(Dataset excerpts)
Segment Open
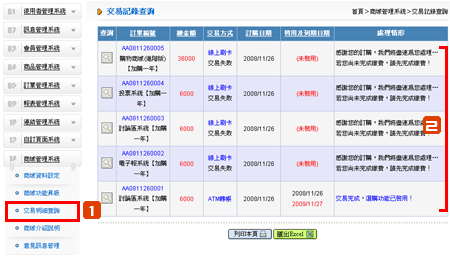 您可點選左方「商城管理系統>交易記錄查詢」。 |
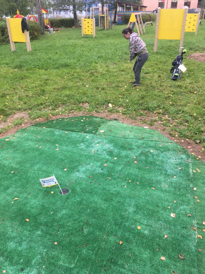 На территории МБДОУ"Подпорожский детский сад№12 общеразвивающего вида с приоритетным осуществлением деятельности по физическому развитию детей(руководитель Любовь Геннадьевна Матькина)было построено гольф-поле с З(тремя)гольф-лунками,стартовыми площадками(ти) и бункерами,дистанция лунок-19м,12м и 16м .Будет продолжено дальнейшее благоустройство этой гольф-инфраструктуры.
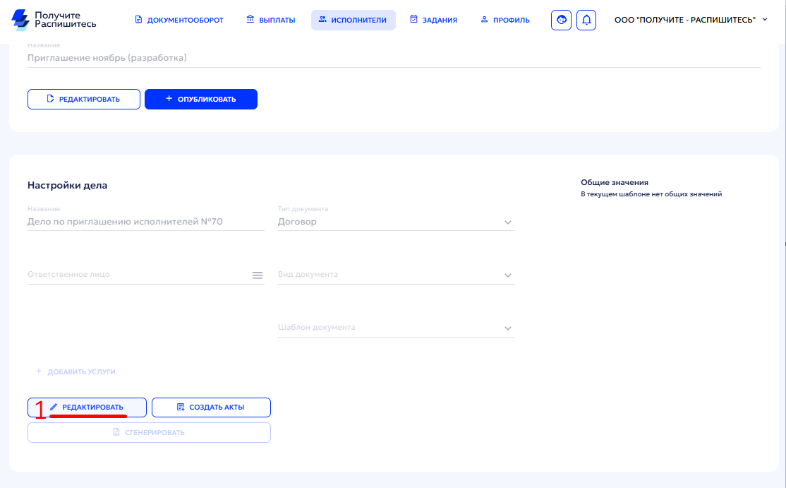 - Если вы используете индивидуальный шаблон договора с дополнительными полями исполнителя (например, дата рождения, СНИЛС и другие персональные данные), подписание договора через раздел «Приглашения» недоступно
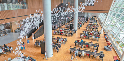 9月18日,市民在上海图书馆东馆“阅读广场”看书、学习。
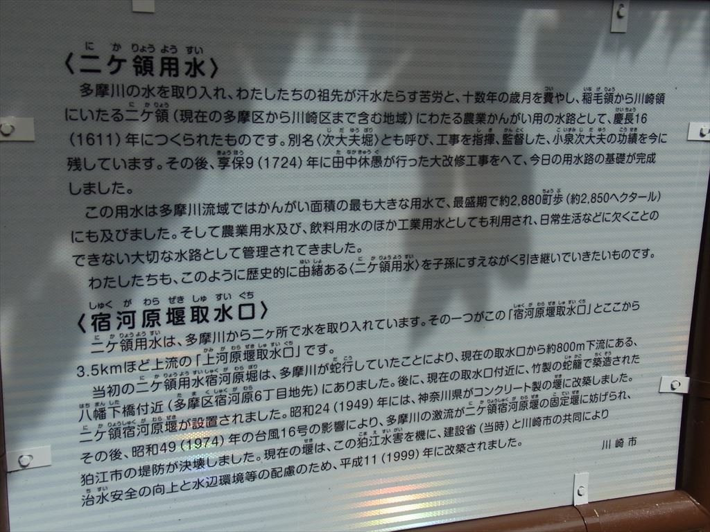 野川から多摩水道橋を渡り、二ヶ領せせらぎ館付近から用水路に到着しました。入り口付近に案内板が設置されています。
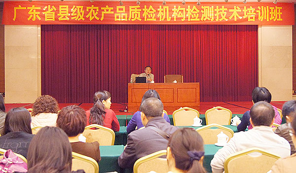 根据全省农产品质检体系建设工作安排,12月9日-11日,广东省农业厅在广州举办了一期县级农产品质检机构检测技术培训班,全省110个县级检测机构共468人参加。培训班邀请了农业部农产品质量安全监管局张继新处长授课,农业部农药残留监督检验测试中心(广州)、农业部蔬菜水果质量监督检验测试中心(广州)等专家作专题讲座。培训内容为全国和全省农产品质量安全形势、农产品质量安全法等法律法规、农产品检测工作要求、农产品质量安全定性和定量检测技术等。
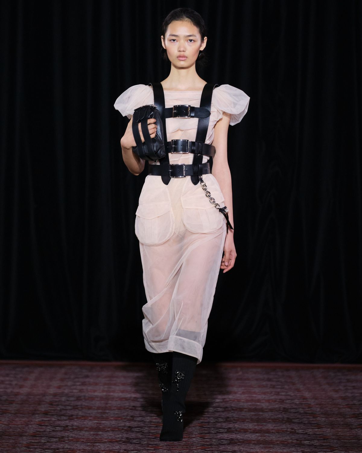 브랜드를 론칭한 후 15년간 쉼 없이 달려온 시몬 로샤에게 지금 필요한 것은 포근한 추억이었다. 자신의 학창 시절을 바탕으로 한 이번 컬렉션은 순수했던 그때의 모습을 고스란히 담아낸다. 자물쇠와 체인 디테일은 자전거 보관소 뒤에서 오갔던 은밀한 대화와 작은 반항의 순간을 상징하며, 거북이 모티프 클러치와 토끼 인형은 어릴 적 들었던 이솝 우화를 떠올리게 한다. 그러나 모든 요소가 과거에만 머무르지 않는다. 볼륨 있는 소매와 리본 장식은 우리가 알고 있는 시몬 로샤의 현재를 담고 있으니까. 과거로 돌아간다는 것은 단순한 회귀를 넘어, 지금과 미래를 더욱 단단하고 풍부하게 만드는 여정이다. @simonerocha_
Segment Closed
**Work required**.
Please reproduce the entries above exactly, omitting every picture.

**Expected answer**.
 您可點選左方「商城管理系統>交易記錄查詢」。 |
 На территории МБДОУ"Подпорожский детский сад№12 общеразвивающего вида с приоритетным осуществлением деятельности по физическому развитию детей(руководитель Любовь Геннадьевна Матькина)было построено гольф-поле с З(тремя)гольф-лунками,стартовыми площадками(ти) и бункерами,дистанция лунок-19м,12м и 16м .Будет продолжено дальнейшее благоустройство этой гольф-инфраструктуры.
 - Если вы используете индивидуальный шаблон договора с дополнительными полями исполнителя (например, дата рождения, СНИЛС и другие персональные данные), подписание договора через раздел «Приглашения» недоступно
 9月18日,市民在上海图书馆东馆“阅读广场”看书、学习。
 野川から多摩水道橋を渡り、二ヶ領せせらぎ館付近から用水路に到着しました。入り口付近に案内板が設置されています。
 根据全省农产品质检体系建设工作安排,12月9日-11日,广东省农业厅在广州举办了一期县级农产品质检机构检测技术培训班,全省110个县级检测机构共468人参加。培训班邀请了农业部农产品质量安全监管局张继新处长授课,农业部农药残留监督检验测试中心(广州)、农业部蔬菜水果质量监督检验测试中心(广州)等专家作专题讲座。培训内容为全国和全省农产品质量安全形势、农产品质量安全法等法律法规、农产品检测工作要求、农产品质量安全定性和定量检测技术等。
 브랜드를 론칭한 후 15년간 쉼 없이 달려온 시몬 로샤에게 지금 필요한 것은 포근한 추억이었다. 자신의 학창 시절을 바탕으로 한 이번 컬렉션은 순수했던 그때의 모습을 고스란히 담아낸다. 자물쇠와 체인 디테일은 자전거 보관소 뒤에서 오갔던 은밀한 대화와 작은 반항의 순간을 상징하며, 거북이 모티프 클러치와 토끼 인형은 어릴 적 들었던 이솝 우화를 떠올리게 한다. 그러나 모든 요소가 과거에만 머무르지 않는다. 볼륨 있는 소매와 리본 장식은 우리가 알고 있는 시몬 로샤의 현재를 담고 있으니까. 과거로 돌아간다는 것은 단순한 회귀를 넘어, 지금과 미래를 더욱 단단하고 풍부하게 만드는 여정이다. @simonerocha_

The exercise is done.